According to a study by the American Medical Association and Hennepin Healthcare in Minneapolis, 43% of healthcare workers suffered from work overload and 49% from burnout. Per the study, stress scores were highest among nursing assistants, medical assistants, social workers and inpatient workers — such as nurses, respiratory therapists, nursing assistants and housekeepers.
Another Atlanta nurse, who asked to be identified as Emilia, began her career in January 2020. Emilia works at a brain rehabilitation facility for acquired and traumatic brain injuries.
“Hospitals are falling apart right now,” Emilia said. “I am just so emotionally drained. As for my hospital specifically, we have always put a large emphasis on family involvement and training for discharge. We have had to limit visitors to one person or even none, depending on the most current COVID cases and variants. While this has mostly prevented large COVID breakouts from happening most of the pandemic, family members don’t always understand this and therefore take their anger out on us. My hospital used to be such a cheery place to work for (the reason I chose to work here) but now everyone is so burnt out it is just depressing.”
Since the start of the pandemic, Emilia has seen her parents maybe five times in person due to the fear of transmitting COVID-19. Her friends? If they don’t work with her, she said, I don’t see them.

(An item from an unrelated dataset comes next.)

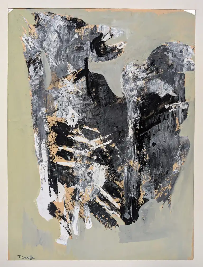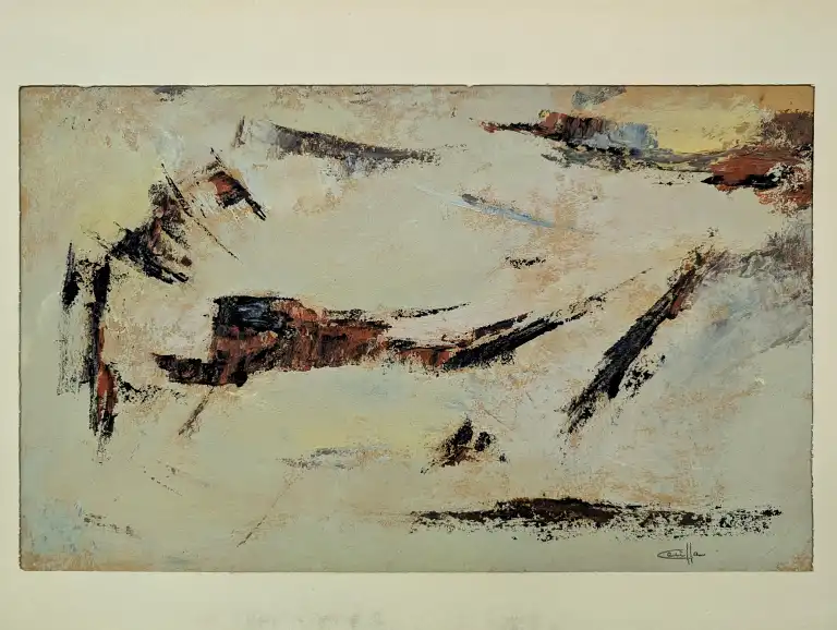 Tonia CARIFFA (1924-2025). Compositions abstraites. Deux techniques mixtes sur papier, signées en bas à droite et à gauche. 23 x 38 cm, 37 x 27 cm

Despite so many nurses crying out for help, many hospitals offer little to no mental health services. Emilia said her metro-Atlanta hospital offers three visits to a therapist per traumatic event. Because three visits are not enough, Emilia began seeing a therapist and psychiatrist to help with her trauma and depression. Reba said they get an occasional pizza party, magnets and a “cool penlight.”
To combat this, Walden created a separate program the specifically address burnout in the workplace. The program can be molded into a company’s existing health programs, but is meant to address the root cause of high turnover and burnout.

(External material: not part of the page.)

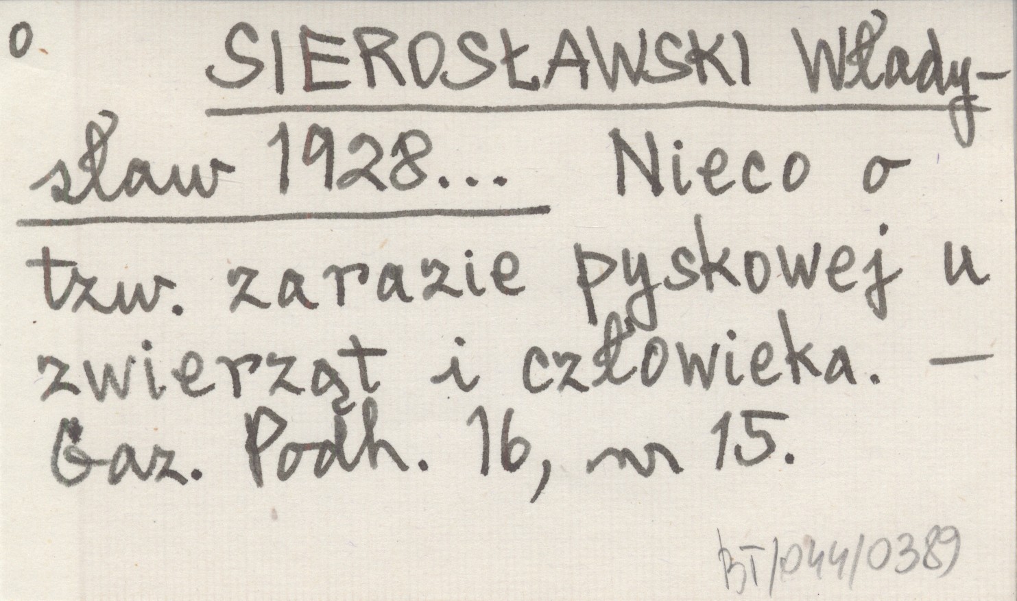 SIEROSŁAWSKI Władysław 1928... Nieco o tzw. zarazie pyskowej u zwierząt i człowieka.

“If you address the root cause of the issue, then you’re likely to have reduced turnover, you’re likely to have happier employees,” Walden said. “Specifically in healthcare, when you have good morale, you have better patient outcomes, which is huge.”
When asked how the public can help its healthcare heroes, Emilia and Reba asked that the public advocate for healthcare workers and talk to legislators.
“The pandemic has shown the flaws in healthcare- besides getting vaccinated and not going to the ED for a COVID test, talk to your legislators and help advocate for safe staffing, increased wages and benefits for healthcare workers, and most importantly, realize that mental health is just as important as physical health,” Emilia said.